The intelligence community must also adopt this shift in urgency, matching a demand signal from policymakers with a greater allocation of funding and internal talent prioritization toward the mission of intelligence-driven AI export control enforcement, adopting a similar approach to the intelligence community’s support to U.S. government-wide counterproliferation work. For example, the NSA’s AI Security Center competes for scarce technical expertise internally just as fiercely as CAISI and the frontier labs compete for it externally. Nurturing collaboration between the intelligence community, the Commerce Department, and industry can help bridge these gaps, but only if these teams are empowered and resourced to move quickly.
This operational urgency must also be reinforced at the highest levels. The National Intelligence Priorities Framework—the classified list of priorities for intelligence collection, analysis, and resource prioritization—allows the ODNI and the White House to designate export control enforcement as a national priority. Congress, for its part, can backstop that prioritization with funding and oversight via legislation such as the Intelligence Authorization Act.

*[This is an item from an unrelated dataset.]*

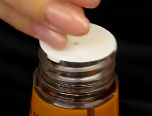 소스를 적당량 사용하고 싶을 때는 소스 마개에 있는 종이캡을 다 뜯지 말고 이쑤시개를 사용해서 필요한 만큼 구멍을 내줍니다. 구멍을 3~5개 정도 내고 소스를 뿌리면 원하는 양만큼 소스를 사용할 수 있습니다.
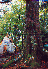 つまり現在登山とかで入山する時、一般的な注意事項とはおもむきが少しちがった、山中における掟ての一つなのだろうと考える。ささいなことだが、このような迷信というか習慣が日常生活において沢山ある。たとえば古座ではよその家に行った場合、「必ず家の屋敷に入って行った所から出て帰る」絶対屋敷内を通り抜けしてはアカンのです。漁師町だから網に入った魚が逃げてしまうという縁起カツギの一つなのだという。 熊野の各地で撮影された映画「火まつり」(原作・中上建次氏)において、主人公(北大路欣也氏)が山仕事をしていたときワナをしかけてウサギを狩る。そのククリの針金をサカキの木に掛けたので仲間からたしなめられる。そんなワンシーンを思い出した。監督柳町光男氏 とは映画の製作中2度ほど合っていろいろお話しを伺った。「熊野の山中は、モノノケの存在が感じられ怖い・・・」と話されていたのが印象的だった。 三月の初旬、午前六時三十分 那智山青岸渡寺を出峯する。高木亮英導師率いる熊野修験春峯入りが今年も始まった。 粉雪が舞い色川側から吹き付ける北西の風が冷たい、舟見峠から大雲取山の地蔵茶屋へと続く熊野古道は、「亡者の出合い」と言われていて妙に淋しい所である。途中大雲取林道を横切り古道を進む、もうこの辺は那智の大滝の源流域ではない。 たまに大雲取山が大滝の源流だと書かれている本もあるが違っている。大雲取道は分水嶺になっていて、東側は高田へ・西側は滝本へ流れていて高田川・赤城川となり熊野川へと流れ出ている。 先達に続き大勢の人たちと駆けているのに、いつも体の芯が「ジンジン」してきて急に五感がサドくなる辺がある・・・・。だから「亡者の出合い」なんて言われているのかと独り言をつぶやく。 「熊野修験道大本山極秘伝」(熊野の研究・二河良英氏著)によると、「色川村、地蔵山の宿迎え大狼出ることあり」とあるから、大雲取には大狼が棲息していて、修験者・参詣者の人たちはこの大狼に出合ったのだろう。だけどこの大雲取山にはもっと恐ろしい怪物がいたという、この怪物はここ熊野だけじゃなく北山・十津川村にもいたという「一本タダラ」である。雪の積もった深山に点々と一列になって規則ただしく続く足跡が、山に棲む「一本タダラ」があるいっていった跡だと伝う。 大雲取山の東側の麓の高田村の(十津川村教育委員会・瀞洞夜話)、権之頭(ゴンノカミ)家の伝承は那智山へ参詣に行った折り、この山中で狼に出合い衣の裾を咬えられて・・岩屋へひきこまれたところ、すぐ側を怪奇なる「一本タダラ」が通っていったという。 狼に命を助けられたのだがお礼をするにも何もなかったので、私が死んだら屍を食ってくれと約束したという、代々葬式の後狼に墓を暴かれたので・・・、家の中庭に墓を移したがやはり狼が出没したと伝う・・・・。 それにこの怪物は那智の山中をうろつき色川村の人々にも害をもたらし。地下の人々が困っていたのだが、仮屋刑部左え門の働きによりこの「一本タダラ」は退治されたという、村の人たちはこれらの功績を称え神としてまつっている。大戸平の熊野古道の側にも碑が建てられている。 ふと思いついたのだが、雪山に一列に足跡をのこす動物がある。オオカミかキツネなどである。姿を見ることがなくてんてんと続く足跡は怪奇な怪物「一本タダラ」の伝説をつくりだしたのだが、その正体は地蔵山の宿に棲息していた大狼だったのだろうか・・・?。 那智の山々には、岩屋という自然の岩窟があり古代修験者がそこにこもって修行したという。千年も前、陰陽師・阿部晴明が妖魔をとじこめたと伝わる白庫降魔窟がどこかにあると伝う。それら岩窟は那智の山に棲む大狼の棲家の一つじゃなかったんだろうと想像するだけでも那智の山々の奥深さが感じられて楽しくなる。 地蔵茶屋で勤行のあと、林道工事によって今は荒れてしまっている奥比丘女滝のすぐ下流の橋を渡り険しい石倉峠・越前峠を越えて小口へ下った。「小雲取山は小口村大山ノ宿あり送り大狼出ることあり」とある。熊野古道で一番険しいと言われている大雲取越山中には、那智山へ参詣する人々を出迎えたり、みまもり安全に送る神使い大狼が棲息していたようである。 小和瀬の橋を渡って、桜茶屋跡を目指し小雲取の急な坂を一歩一歩登る。振り返ると先ほど越えてきた那智山系の山々が黒くそびえ立ち 、よくあんなに遠い所から歩いてきたものだと感慨にふけった。大雲取の迎え大狼・送り大狼に出合うこともなく、小雲取山(如法山)を越して夕方五時前本宮大社に到着し証誠殿にて勤行のあと解散した。 四月初旬朝八時三〇分すぎ本宮の大斎原を出峯し熊野川の浅瀬に素足を洗い、まだ冷たいセセラギの音を聞きながら対岸の備崎まで渡る。つまり禊ぎをするのである。ここから大森山(1078m)までいっきに急登し玉置山をめざす。いよいよ大峯奥駈が始まる。第一番の靡(ナビキ)である大

Absent this kind of sustained institutional support, the intelligence community will likely continue to treat enforcement as a secondary task rather than a core national security mission.
One concern is that closer collaboration between BIS and the intelligence community risks alienating industry partners, who may be suspicious that proprietary information shared with BIS would be used by spy agencies for illicit purposes. That concern is understandable: Companies already grapple with industrial espionage from China, and they may be just as wary of U.S. intelligence monitoring their intellectual property and technology. If left unaddressed, such perceptions could erode the trust that BIS relies on for timely disclosures of potential violations.
That risk can be mitigated in several ways. First, clear firewalls should be established between industry engagement and intelligence functions—for example, ensuring that compliance reporting pipelines are walled off from intelligence community tasking. BIS could structure how it conducts industry engagement separately from its enforcement personnel tasked with working with the intelligence community. Second, the Commerce Department and the intelligence community could commit to transparent oversight mechanisms—for instance, inspectors general or independent compliance reviews—so that firms can be confident their proprietary data will not be misused. And third, policymakers and lawmakers should emphasize that the intelligence role is primarily about upstream collection and foreign circumvention monitoring, not peering into U.S. companies’ commercial operations.
Done right, closer intelligence community cooperation should actually strengthen industry partnerships by preventing violations before they occur, reducing the burden of after-the-fact investigations, and providing companies with actionable guidance on how adversaries are attempting to exploit them. Ultimately, the U.S. should double down on BIS’s existing strengths in collaboration and compliance outreach; such relationships are built over years with chipmakers, foundries, cloud providers, and logistics firms. This provides the U.S. with unique, asymmetric advantages that China has over its civil-military fusion approach and more draconian domestic laws.
Export controls are only as strong as their enforcement. Without intelligence-driven execution, America’s technological edge—and its ability to shape the global AI future—hangs in the balance.